*** Data section ***

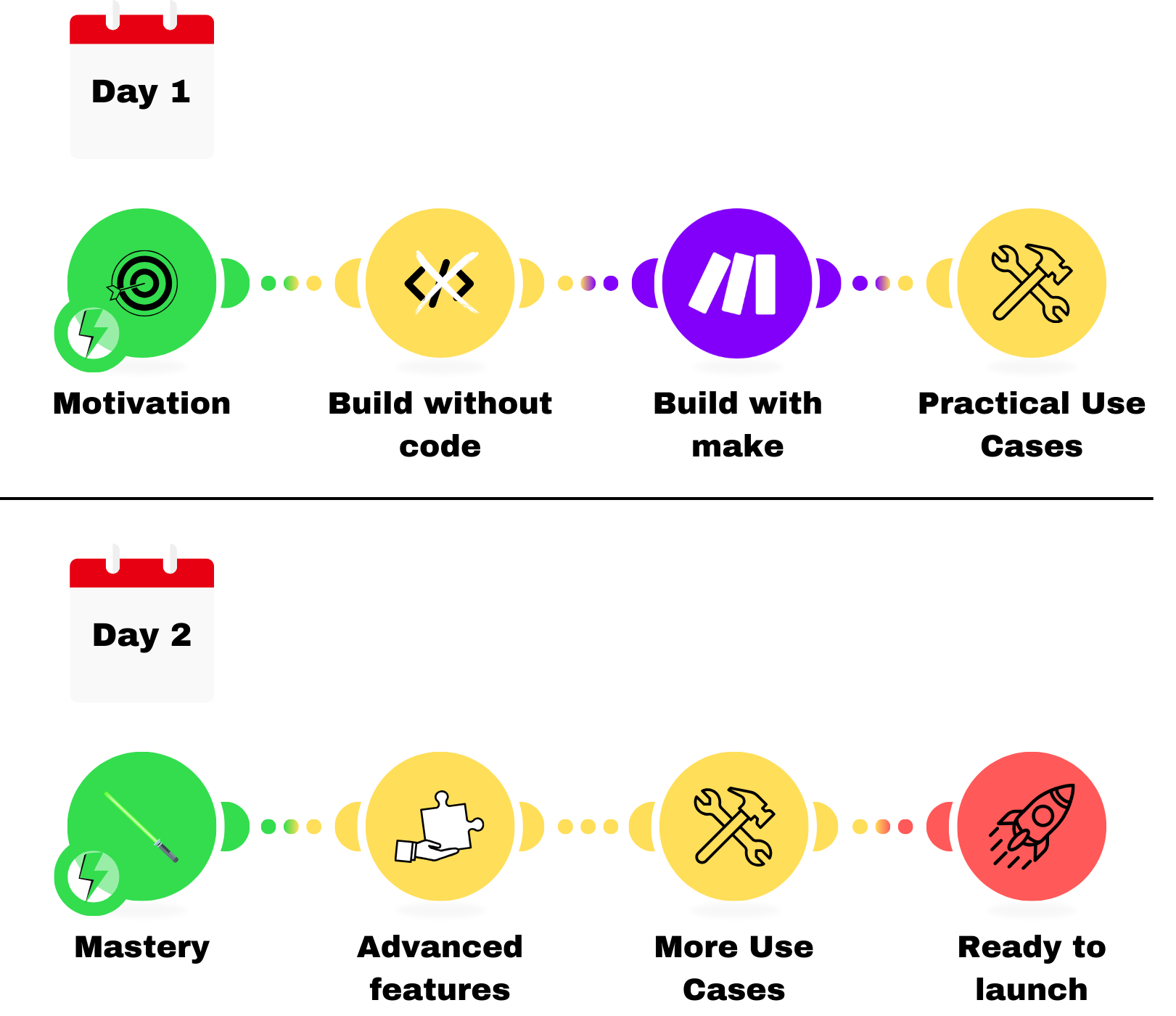 We will primarily work with make to build our workflows.We will also learn basics of airtable for simple database/CRM functions.And finally we will work with the openai API to integrate AI functionality into our workflows.During the course you will get to know many more tools as well (e.g. for building websites, web applications, mobile apps and more) but we won't dive deeper into it.
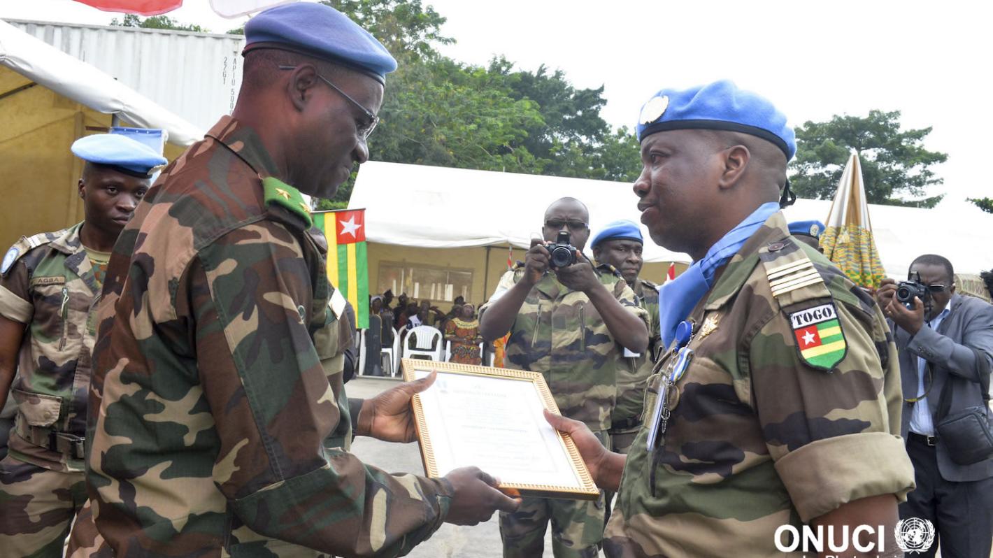 Medal Awarding to Togolese peacekeepers : the Deputy Force Commander of UNOCI handing over the certificate to the Chief of the contingent ( Abidjan, August 2016 )
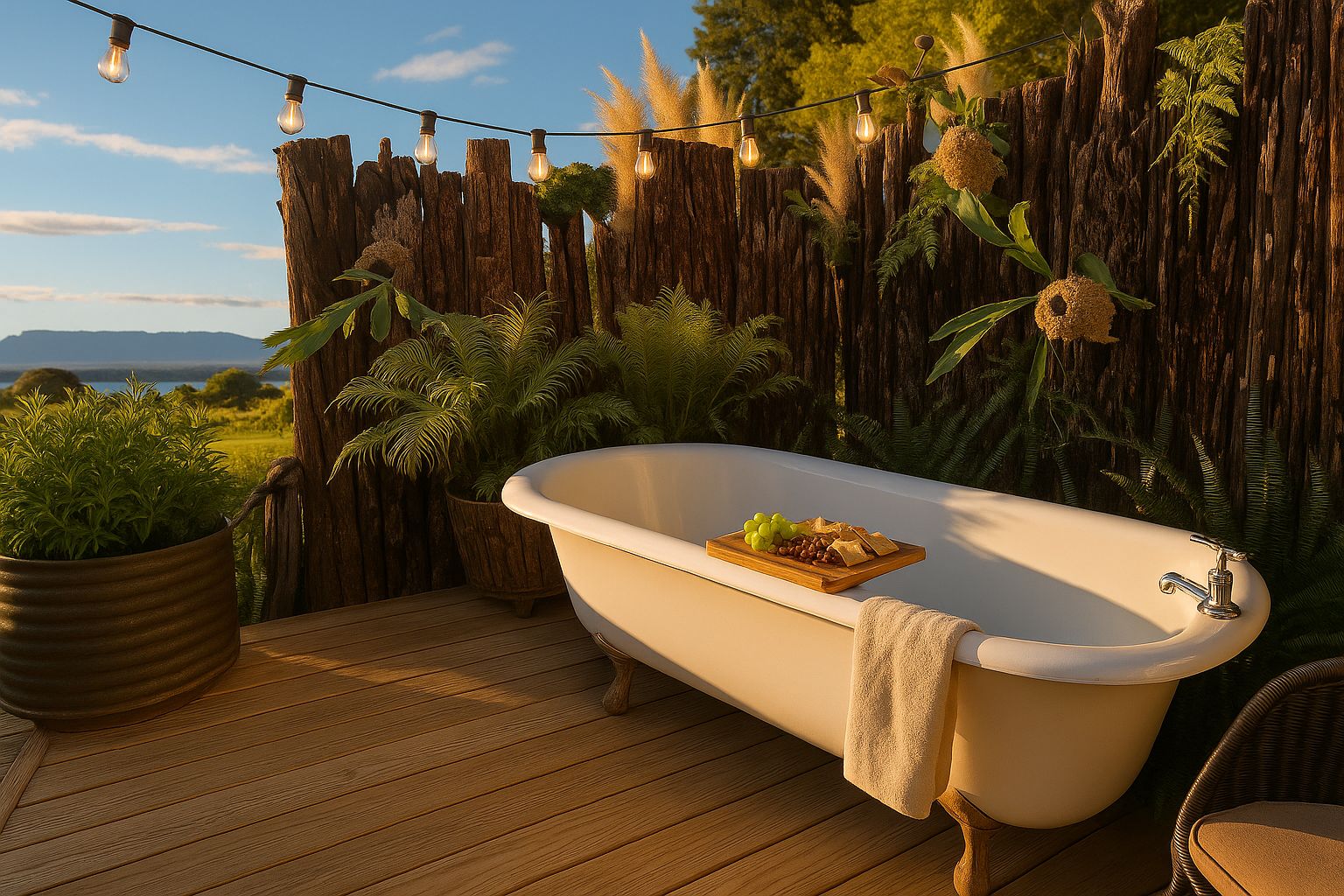 This beautifully appointed, fully self-contained hut features a luxurious queen bed, cosy sofa, a well-equipped kitchen, and a stylish bathroom with a shower, vanity, and flushing toilet. Step out onto your private deck to enjoy the Weber BBQ, a fire pit for stargazing evenings, and a romantic outdoor bath with a privacy screen—perfect for soaking while taking in the stunning views.
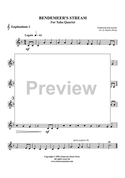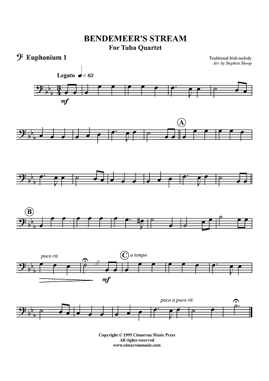 Digital Sheet Music for Bendemeer's Stream - Euphonium 1 BC/TC by Traditional Irish Melody, Stephen Shoop scored for Tuba Quartet; id:316116
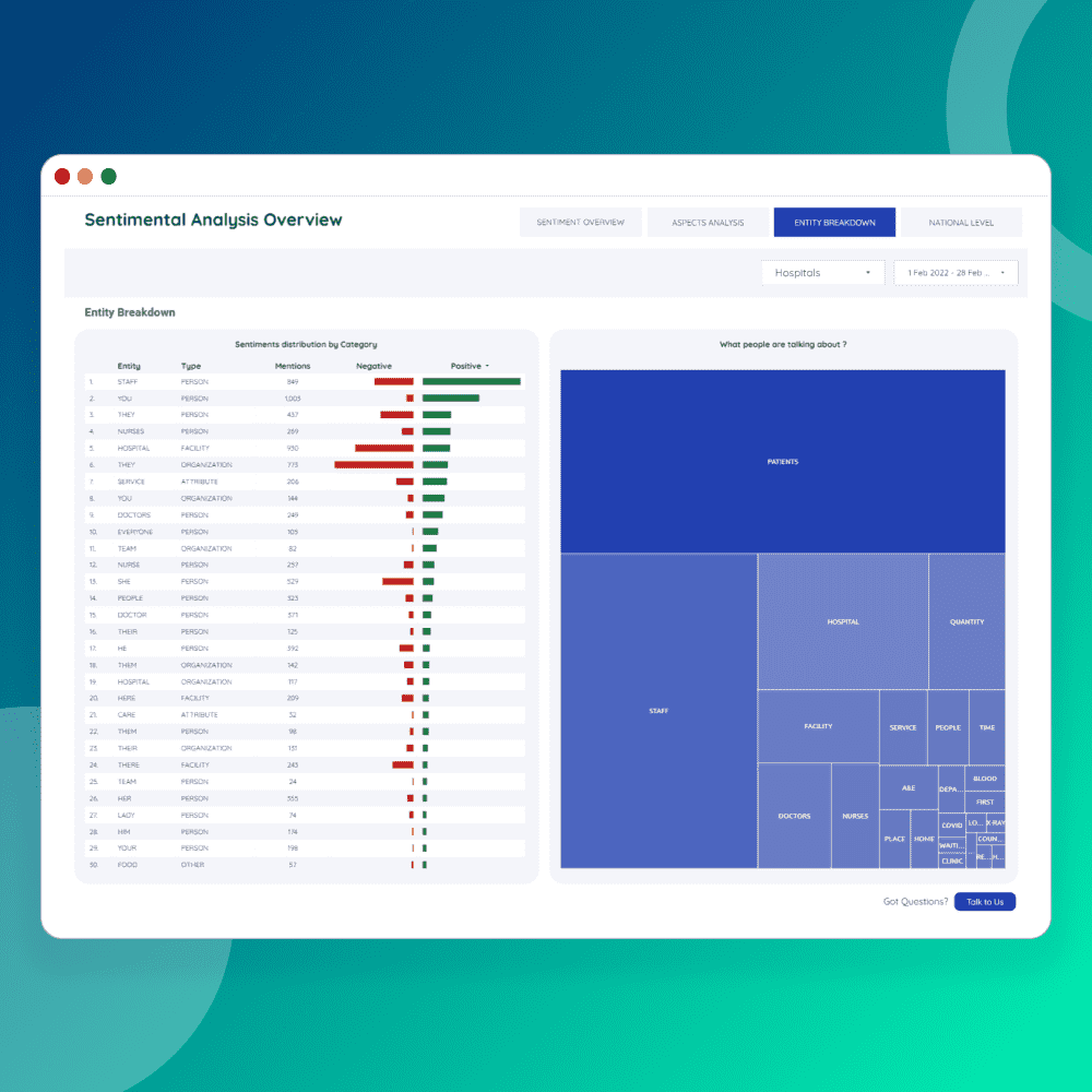 - Evaluate sentiment and frequency associated with each entity.
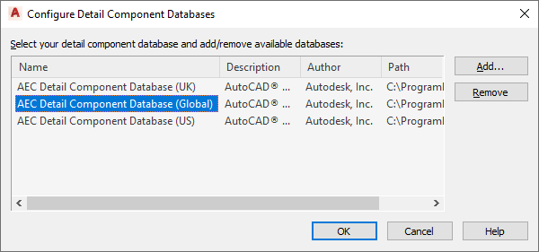 - On the AEC Content page, click the Add/Remove button for Detail Component Databases.
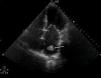 After reperfusion, signs of hypoperfusion persisted in the patient's lower limbs. In view of this finding, together with difficulty in femoral access, aortography was performed, which revealed thrombotic occlusion of the infrarenal abdominal aorta, extending to the iliac arteries (Figure 3). The echocardiogram showed a mass in the left atrium, consistent with a thrombus (Figure 4). Thromboembolectomy of the left iliac axis and femoro-femoral bypass were performed, but the patient developed multiple organ failure and died.
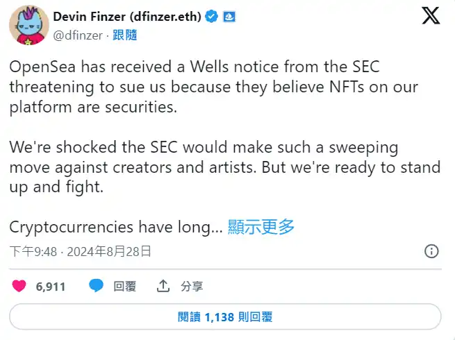 NFT 交易平台 OpenSea 昨(28)晚传出重大利空消息,共同创办人兼执行长 Devin Finzer 在 X 上发文表示该平台已经收到来自美国证券交易委员会 SEC 的威尔斯通知(Wells Notice),SEC 判定 NFT 属于证券,OpenSea 可能将面临法律诉讼:
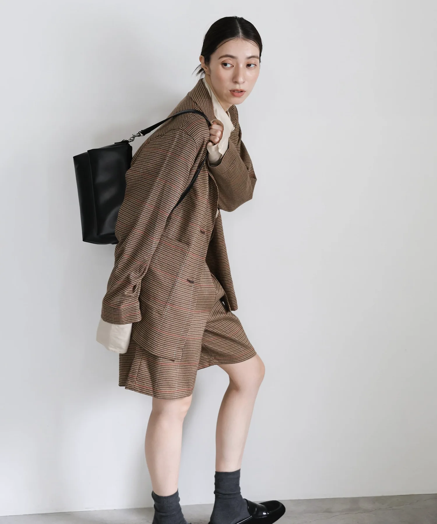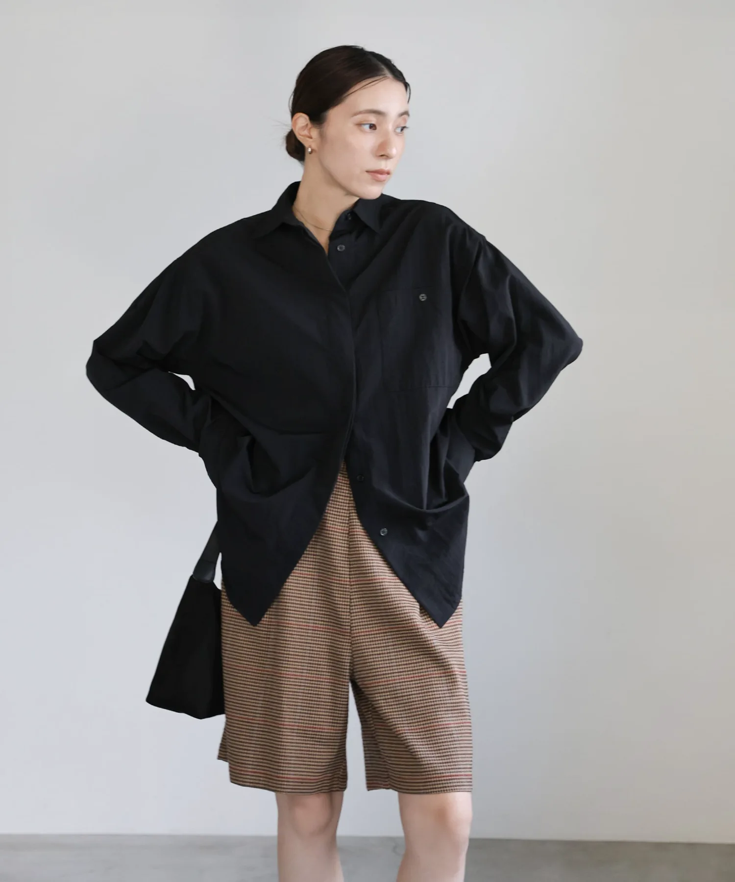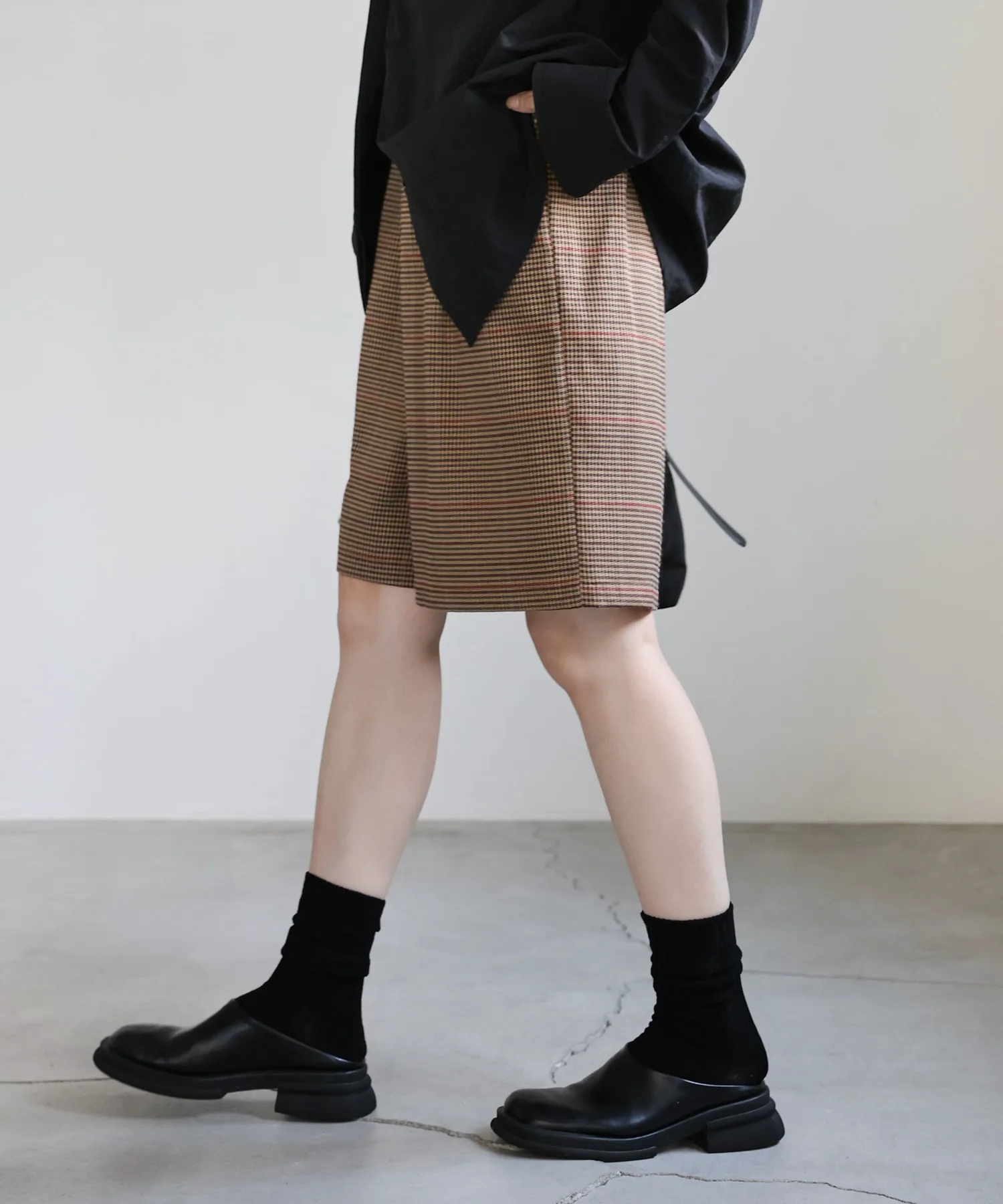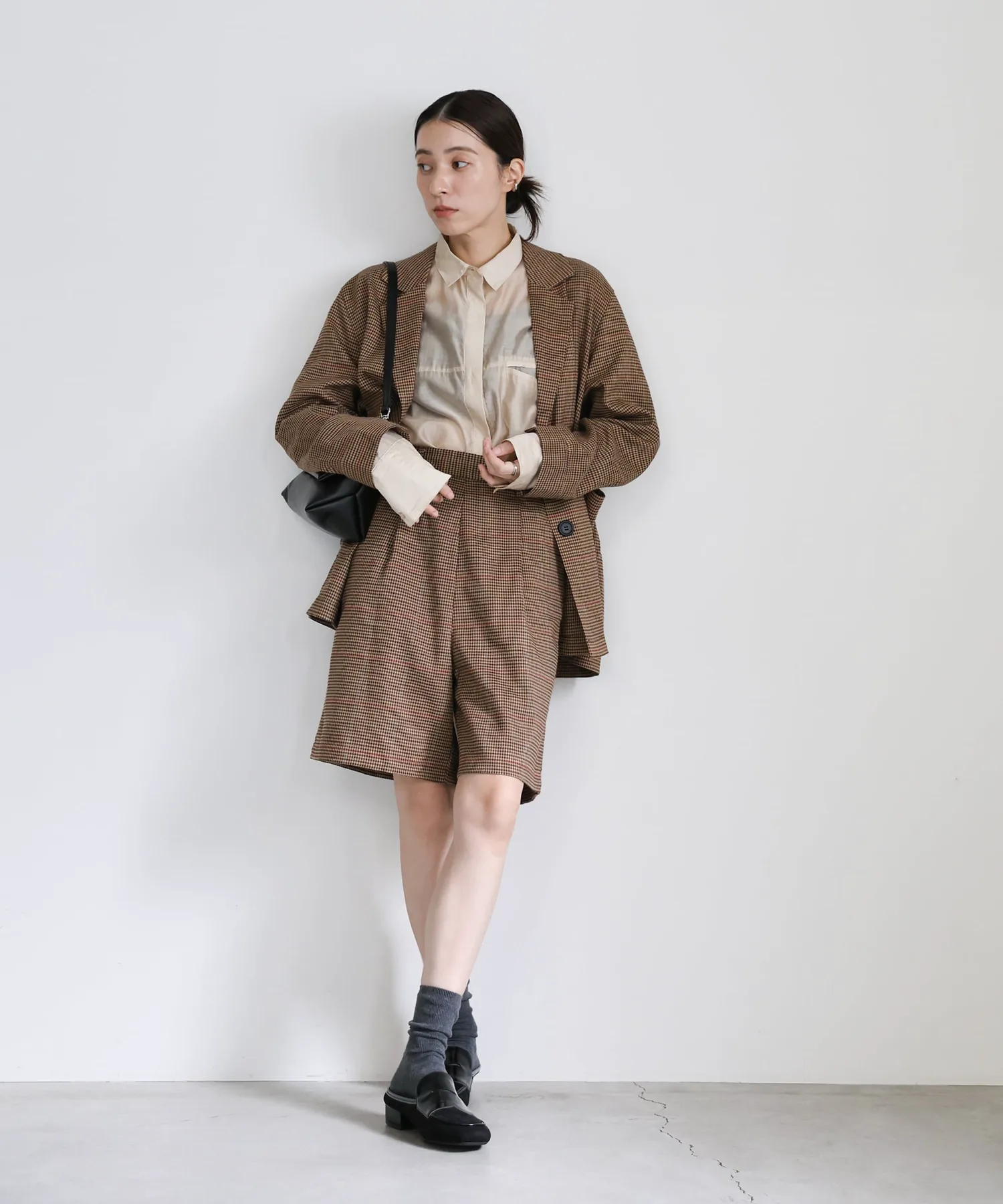Эти шорты сочетают в себе изысканный и непринужденный стиль. Нежный клетчатый узор прекрасно дополняет цвет, создавая классический образ, не слишком повседневный. Эластичная вставка сзади обеспечивает комфортную посадку, а простота ухода позволяет стирать их дома. Мы рекомендуем сочетать их с объемной рубашкой или трикотажным свитером, чтобы добавить объема верхней части тела. Также можно носить в комплекте с курткой (ou225104), изготовленной из того же материала. [Инструкции по стилю] Идеально подходят для изысканного, расслабленного повседневного стиля. Сочетайте их с простой футболкой или футболкой для освежающего и сбалансированного образа. Наденьте их поверх куртки или кардигана для повседневной носки или прогулки. Мы рекомендуем завершить образ кроссовками или сандалиями для более легкого варианта. Эта универсальная вещь идеально подходит для перехода между сезонами.

*** End of Data section ***

What is being asked: Look back over the records above. Reproduce exactly everything from the line with "After reperfusion, signs" down to the line with "NFT 交易平台 OpenSea", inclusive, and leave the pictures out.

Task output:
 After reperfusion, signs of hypoperfusion persisted in the patient's lower limbs. In view of this finding, together with difficulty in femoral access, aortography was performed, which revealed thrombotic occlusion of the infrarenal abdominal aorta, extending to the iliac arteries (Figure 3). The echocardiogram showed a mass in the left atrium, consistent with a thrombus (Figure 4). Thromboembolectomy of the left iliac axis and femoro-femoral bypass were performed, but the patient developed multiple organ failure and died.
 NFT 交易平台 OpenSea 昨(28)晚传出重大利空消息,共同创办人兼执行长 Devin Finzer 在 X 上发文表示该平台已经收到来自美国证券交易委员会 SEC 的威尔斯通知(Wells Notice),SEC 判定 NFT 属于证券,OpenSea 可能将面临法律诉讼:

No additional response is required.